For those of us in positions of responsibility, as we all are in this place, there's a fine line between talking about the real challenges an industry faces without talking it down. It's always a very important balance. The recent bushfires provided us with a very real example of that. We don't want to be telling our markets, including our export markets, that we've lost our capacity to produce, because those markets might temporarily go elsewhere and never be secured again in the future, but it is necessary to say that the agriculture sector in Australia is in real trouble. In recent times, it's faced the worst drought in our history, and despite the very welcome recent drenching rains in many parts of our country that drought very much remains with us still.
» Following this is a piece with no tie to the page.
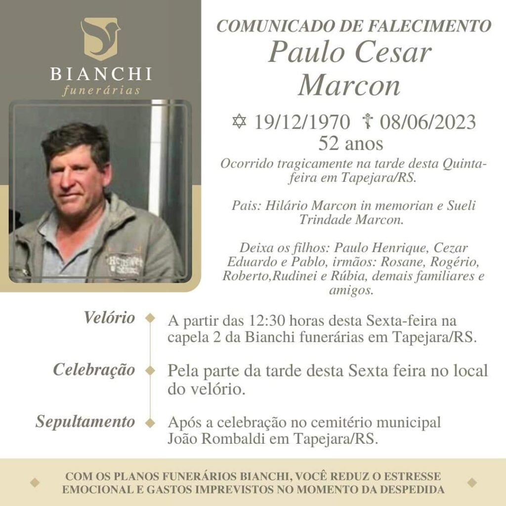 A Bianchi Funerárias, juntamente com a família Marcon, comunica com pesar, o trágico falecimento de Paulo César Marcon, ocorrido dia 08/06/2023 em Tapejara com 52 anos de idade. Seu corpo será velado a partir das 12h30min do dia 09/06/2023 na Capela II da Bianchi Funerárias. Celebração na tarde desta segunda-feira e após seu sepultamento no Cemitério Municipal João Rombaldi.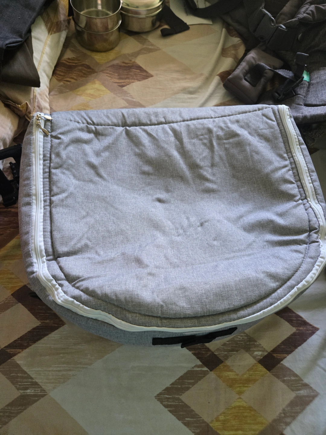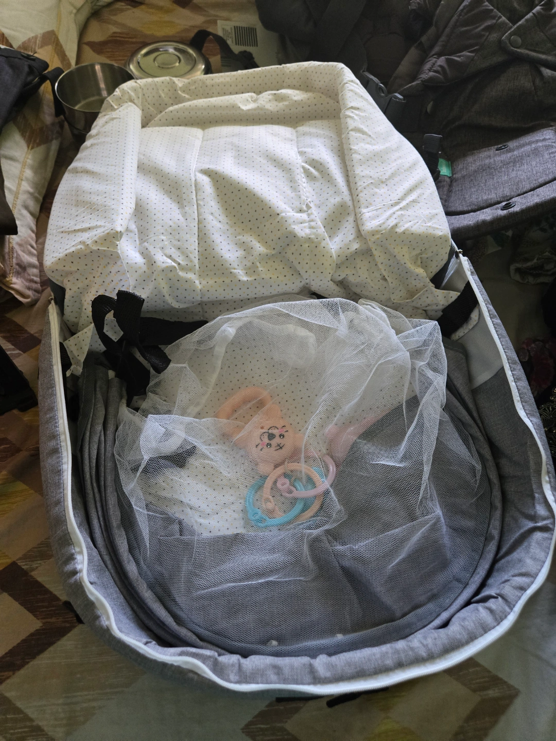 42Grey fabric bassinet, folds flat for easy storage and travel. Includes a built-in mosquito net and a padded mattress. Lightweight and portable, perfect for travel or home use. Some minor wear and tear.

The recent bushfires have had a devastating impact on so many on the land—our growers and producers. The bushfire season has not yet come to an end, and there is a significant risk that those events might not be over. We all hope and pray that they are, but we just don't know. Of course, there will be future bushfire seasons too, and we need to be alert to the need to better adapt to be ready for those fires. Certainly, my own electorate is an example of the impact on our growers, with vignerons having lost significant yield to smoke taint. I thank the minister at the table for engaging with me on this issue and assisting me as best he can to ensure that those vignerons are given every bit of government assistance that can be secured and that we can muster.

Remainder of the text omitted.